▶ Exercise description: This exercise calls for the whole listing to be given again exactly, without images.

★ ★ ★

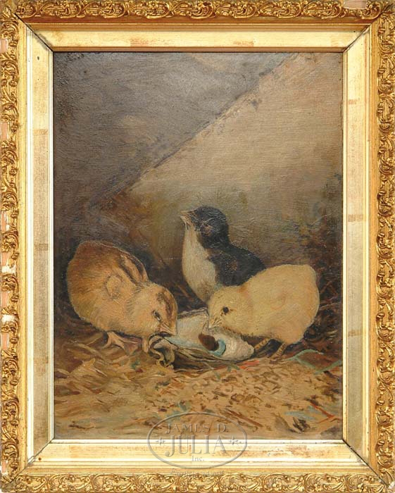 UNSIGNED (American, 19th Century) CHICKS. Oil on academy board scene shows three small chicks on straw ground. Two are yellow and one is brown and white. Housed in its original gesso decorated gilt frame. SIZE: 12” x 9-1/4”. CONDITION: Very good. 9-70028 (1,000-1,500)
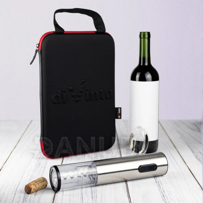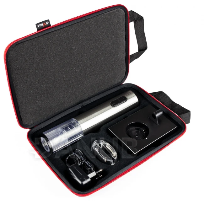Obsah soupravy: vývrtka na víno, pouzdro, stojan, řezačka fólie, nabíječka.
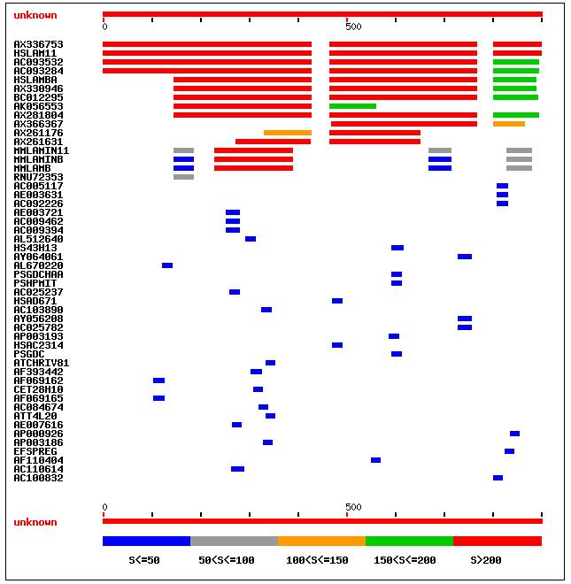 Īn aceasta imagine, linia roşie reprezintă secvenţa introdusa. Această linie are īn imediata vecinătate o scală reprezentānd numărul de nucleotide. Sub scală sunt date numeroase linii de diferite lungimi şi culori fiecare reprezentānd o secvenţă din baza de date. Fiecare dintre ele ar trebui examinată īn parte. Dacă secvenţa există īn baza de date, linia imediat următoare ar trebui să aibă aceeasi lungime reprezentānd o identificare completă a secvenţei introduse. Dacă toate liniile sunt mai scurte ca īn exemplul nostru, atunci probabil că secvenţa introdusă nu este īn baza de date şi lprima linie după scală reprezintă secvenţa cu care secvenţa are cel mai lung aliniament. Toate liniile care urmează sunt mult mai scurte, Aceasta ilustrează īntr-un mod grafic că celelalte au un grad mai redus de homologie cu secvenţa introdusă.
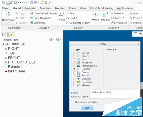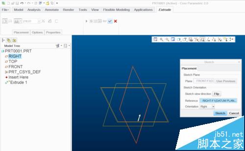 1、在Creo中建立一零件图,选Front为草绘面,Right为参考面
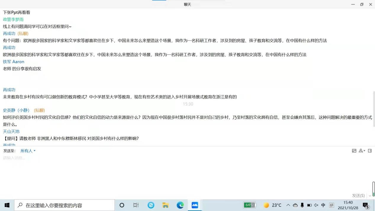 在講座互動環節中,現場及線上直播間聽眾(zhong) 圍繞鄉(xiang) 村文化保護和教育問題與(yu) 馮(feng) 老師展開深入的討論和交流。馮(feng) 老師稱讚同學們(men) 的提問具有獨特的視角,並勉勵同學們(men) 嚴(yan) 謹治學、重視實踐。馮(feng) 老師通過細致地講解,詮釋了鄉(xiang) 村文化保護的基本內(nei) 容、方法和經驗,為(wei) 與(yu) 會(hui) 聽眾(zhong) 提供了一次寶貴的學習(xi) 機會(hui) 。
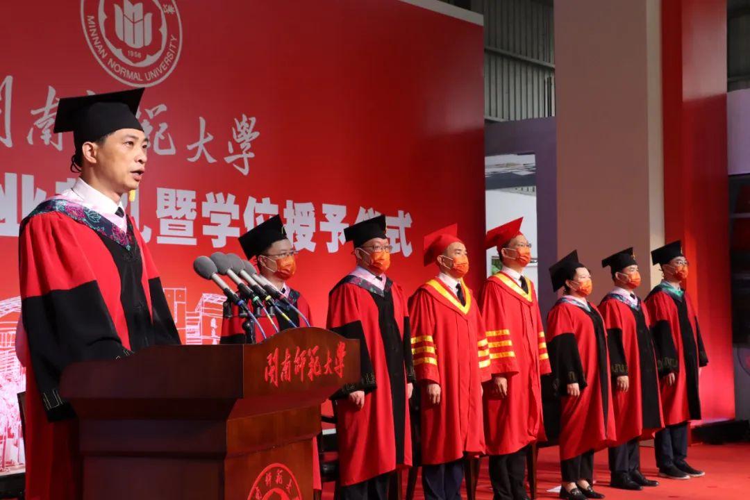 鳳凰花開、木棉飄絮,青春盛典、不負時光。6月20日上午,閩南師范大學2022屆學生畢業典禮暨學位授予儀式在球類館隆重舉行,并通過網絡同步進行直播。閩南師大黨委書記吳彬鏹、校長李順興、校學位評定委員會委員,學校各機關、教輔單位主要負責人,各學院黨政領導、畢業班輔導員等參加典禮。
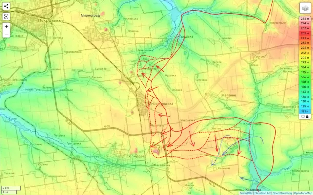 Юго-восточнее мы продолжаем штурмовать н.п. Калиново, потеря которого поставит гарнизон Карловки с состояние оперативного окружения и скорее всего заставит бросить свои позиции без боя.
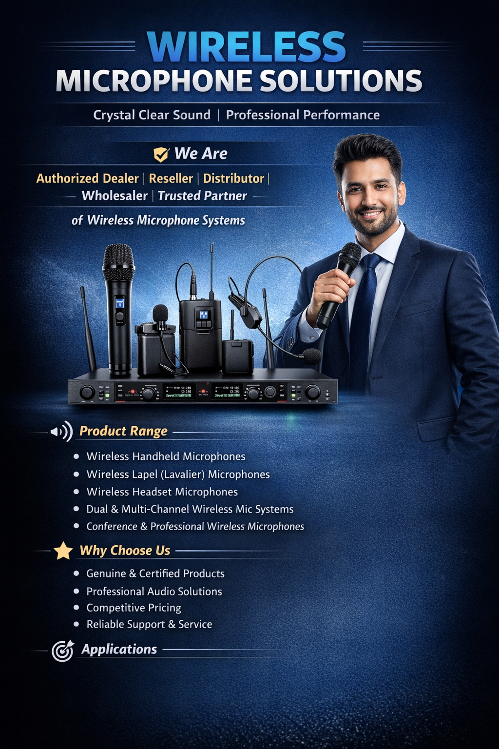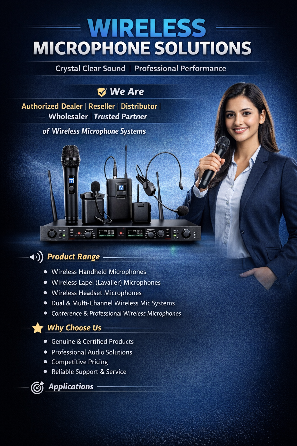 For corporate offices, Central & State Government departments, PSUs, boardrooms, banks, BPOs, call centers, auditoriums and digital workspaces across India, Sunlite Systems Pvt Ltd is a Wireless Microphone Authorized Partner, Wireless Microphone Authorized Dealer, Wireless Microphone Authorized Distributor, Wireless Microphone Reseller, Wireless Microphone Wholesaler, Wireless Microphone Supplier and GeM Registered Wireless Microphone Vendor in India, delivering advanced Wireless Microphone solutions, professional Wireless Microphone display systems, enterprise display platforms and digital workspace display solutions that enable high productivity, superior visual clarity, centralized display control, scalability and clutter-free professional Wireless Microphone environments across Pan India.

★ ★ ★

▶ Completed exercise:
 UNSIGNED (American, 19th Century) CHICKS. Oil on academy board scene shows three small chicks on straw ground. Two are yellow and one is brown and white. Housed in its original gesso decorated gilt frame. SIZE: 12” x 9-1/4”. CONDITION: Very good. 9-70028 (1,000-1,500)
Obsah soupravy: vývrtka na víno, pouzdro, stojan, řezačka fólie, nabíječka.
 Īn aceasta imagine, linia roşie reprezintă secvenţa introdusa. Această linie are īn imediata vecinătate o scală reprezentānd numărul de nucleotide. Sub scală sunt date numeroase linii de diferite lungimi şi culori fiecare reprezentānd o secvenţă din baza de date. Fiecare dintre ele ar trebui examinată īn parte. Dacă secvenţa există īn baza de date, linia imediat următoare ar trebui să aibă aceeasi lungime reprezentānd o identificare completă a secvenţei introduse. Dacă toate liniile sunt mai scurte ca īn exemplul nostru, atunci probabil că secvenţa introdusă nu este īn baza de date şi lprima linie după scală reprezintă secvenţa cu care secvenţa are cel mai lung aliniament. Toate liniile care urmează sunt mult mai scurte, Aceasta ilustrează īntr-un mod grafic că celelalte au un grad mai redus de homologie cu secvenţa introdusă.
 1、在Creo中建立一零件图,选Front为草绘面,Right为参考面
 在講座互動環節中,現場及線上直播間聽眾(zhong) 圍繞鄉(xiang) 村文化保護和教育問題與(yu) 馮(feng) 老師展開深入的討論和交流。馮(feng) 老師稱讚同學們(men) 的提問具有獨特的視角,並勉勵同學們(men) 嚴(yan) 謹治學、重視實踐。馮(feng) 老師通過細致地講解,詮釋了鄉(xiang) 村文化保護的基本內(nei) 容、方法和經驗,為(wei) 與(yu) 會(hui) 聽眾(zhong) 提供了一次寶貴的學習(xi) 機會(hui) 。
 鳳凰花開、木棉飄絮,青春盛典、不負時光。6月20日上午,閩南師范大學2022屆學生畢業典禮暨學位授予儀式在球類館隆重舉行,并通過網絡同步進行直播。閩南師大黨委書記吳彬鏹、校長李順興、校學位評定委員會委員,學校各機關、教輔單位主要負責人,各學院黨政領導、畢業班輔導員等參加典禮。
 Юго-восточнее мы продолжаем штурмовать н.п. Калиново, потеря которого поставит гарнизон Карловки с состояние оперативного окружения и скорее всего заставит бросить свои позиции без боя.
 For corporate offices, Central & State Government departments, PSUs, boardrooms, banks, BPOs, call centers, auditoriums and digital workspaces across India, Sunlite Systems Pvt Ltd is a Wireless Microphone Authorized Partner, Wireless Microphone Authorized Dealer, Wireless Microphone Authorized Distributor, Wireless Microphone Reseller, Wireless Microphone Wholesaler, Wireless Microphone Supplier and GeM Registered Wireless Microphone Vendor in India, delivering advanced Wireless Microphone solutions, professional Wireless Microphone display systems, enterprise display platforms and digital workspace display solutions that enable high productivity, superior visual clarity, centralized display control, scalability and clutter-free professional Wireless Microphone environments across Pan India.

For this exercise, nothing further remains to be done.